Crucially, all of these ideas were conceived, designed, programmed, shot and edited by the band themselves. The Little Million, it turns out, are ‘hands on’ in the same way that Ronnie Wood is ‘unconcerned by the age gap’.
“We’re quite controlling,” says Jim. “With the exception of the album cover we’ve tried to do everything in a way that’s just us. We take all that other side of it very seriously. Suddenly being a band isn’t just about writing good songs, the whole thing’s creative, every single aspect of it, so to take yourself out of it seems like a strange thing to do. Because we create everything ourselves it’s like we’ve got our own little world. All of your videos, your website and everything represents you as much as your music does. So why let anyone else do that when it’s you that’s got to wear it?”
Bassist Ross Bannister agrees. “No-one’s gonna care as much as we do.”

This culture of autonomous ingenuity has driven The Little Million since the very start, when Jim and Ross met at the age of fourteen in technology class in Sheffield, the only two kids in their year with long hair and Nirvana t-shirts and an encyclopaedic knowledge of the work of Reeves & Mortimer. Recruiting Jez Dennis - another long-hair from the year above – on drums, the three-piece jammed Green Day, Wildhearts and Nirvana tunes at lunchtimes in Jim’s house next door to the school on his parents’ equipment (Jim’s dad was in a band who turned down a deal by Apple in the 60s).

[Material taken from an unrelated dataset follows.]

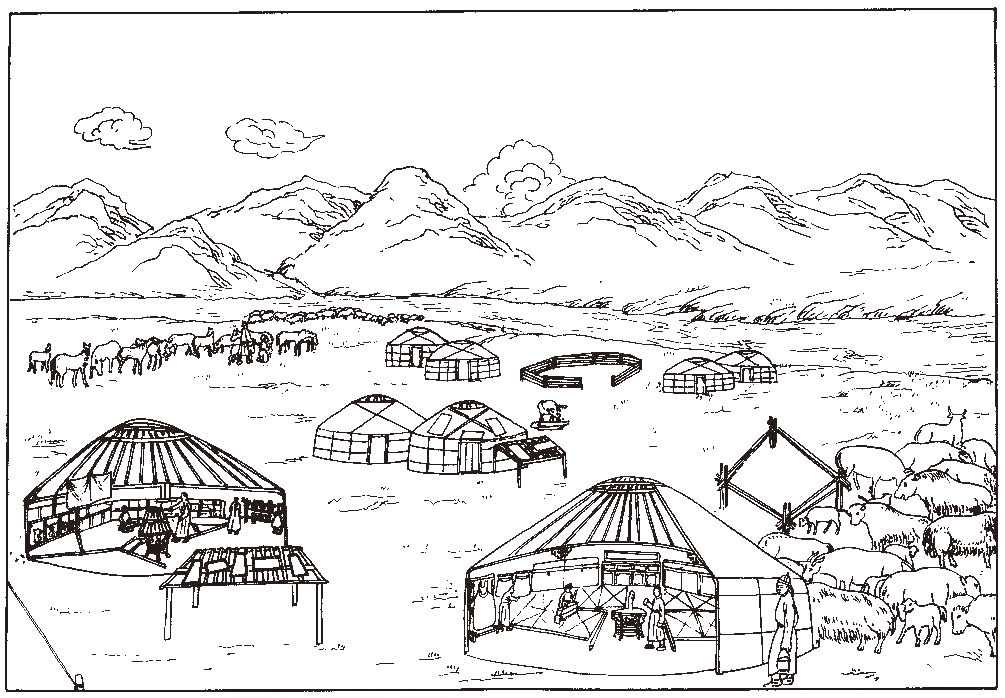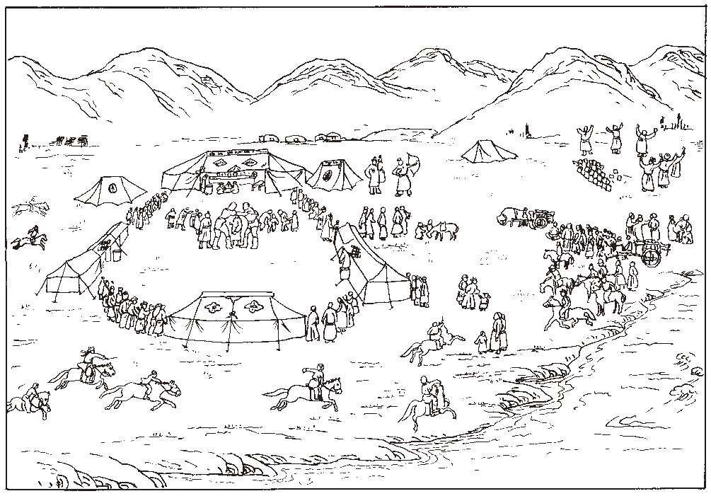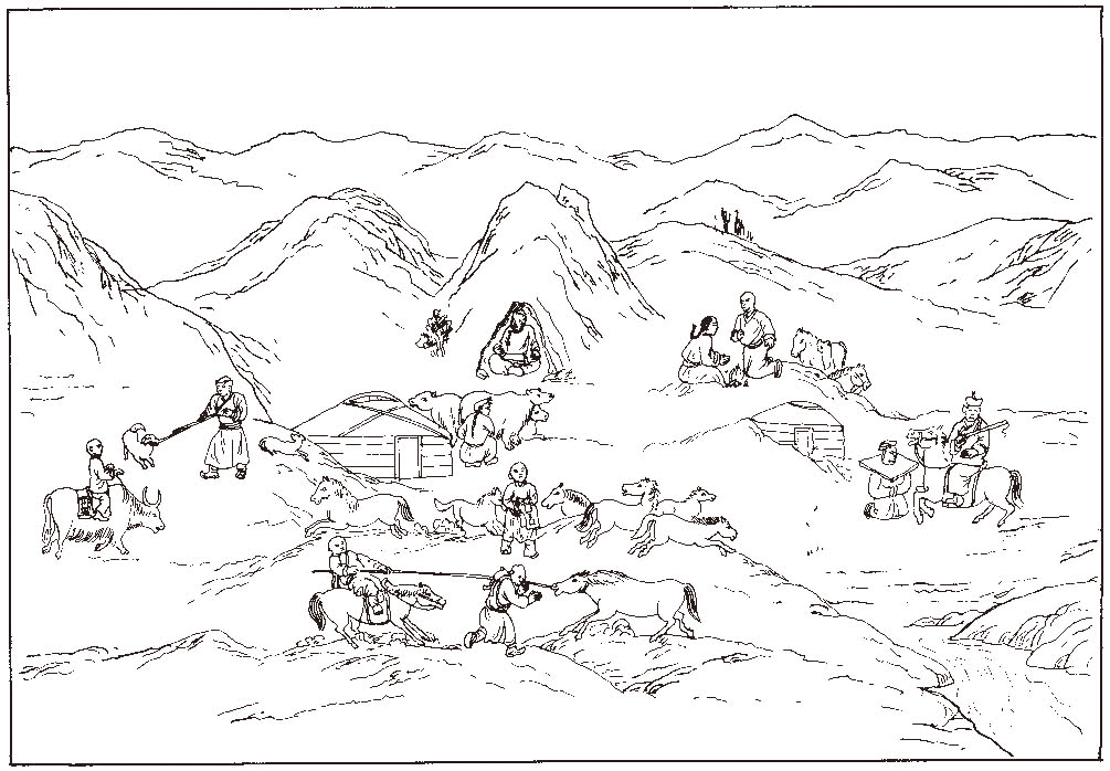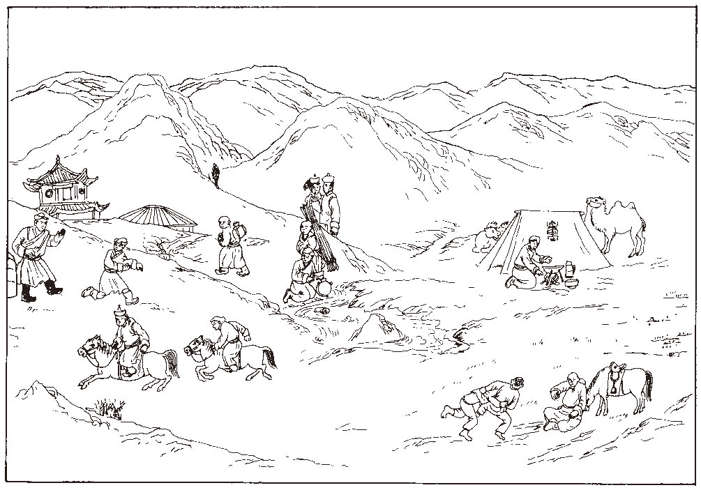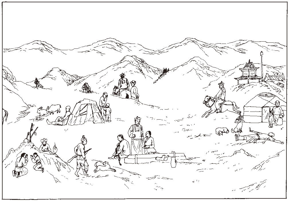 这样的全景式绘画表现方式是他所独有的,还是有所借鉴?是埋藏在我心中的一个疑问,有一天终于有答案了。数年前,我在内蒙古博物馆的文物库房中见到一幅蒙古风俗图,时代大约也是晚清,画幅尺寸很大。画面描绘的内容与《蒙古一天》如出一辙,只是更多了一些中国画的因素,如设色、人物形象。看来任何人都脱离不了时代的烙印,即所谓画有所本,这么说并不是要抹杀、降低一位伟大画家的贡献,相反,推陈出新是有基础的,画家既不泥古,又能出新者,才会开启一代画风。

By the age of fifteen they were playing their first pop-punk gigs around Sheffield as Mybe and would soon be playing 150 shows a year as stalwarts of the Yorkshire guitar rock scene. “Driving ourselves there in a crappy van that was falling to pieces,” Ross recalls, “playing tiny little venues, sometimes to people, sometimes to absolutely no-one. I wouldn’t change it, it was fun.”
By the time Arctic Monkeys and Kaiser Chiefs kick-started the New Yorkshire scene, Mybe had released several self-funded singles and an album on the independent On The Road label and were drifting away from the fizzling US-style pop punk genre. In 2006 Jim renovated a house and used the profits to buy a home studio and take a year and a half off to write songs every day, knocking out five a week in a tune-penning frenzy of Prince-staggering proportions.
“I started writing whatever I fancied writing. When you know you’ve got a year to write it doesn’t matter if the song you write today is a blues song because you can just write another one tomorrow anyway, so we ended up doing a lot of stuff that was nothing like what we’d done in the past. It broadened our horizons a lot.”
These new songs were grander, bolder, markedly more ambitious; a three-piece wouldn’t cut it anymore. So a new guitarist Andy Dickinson was added to the ranks and The Little Million were born, named after a vat of almost one million pints of beer built by a London brewery in 1814, which exploded killing hundreds of people - either in the explosion itself or because they drank themselves to death on the free lager.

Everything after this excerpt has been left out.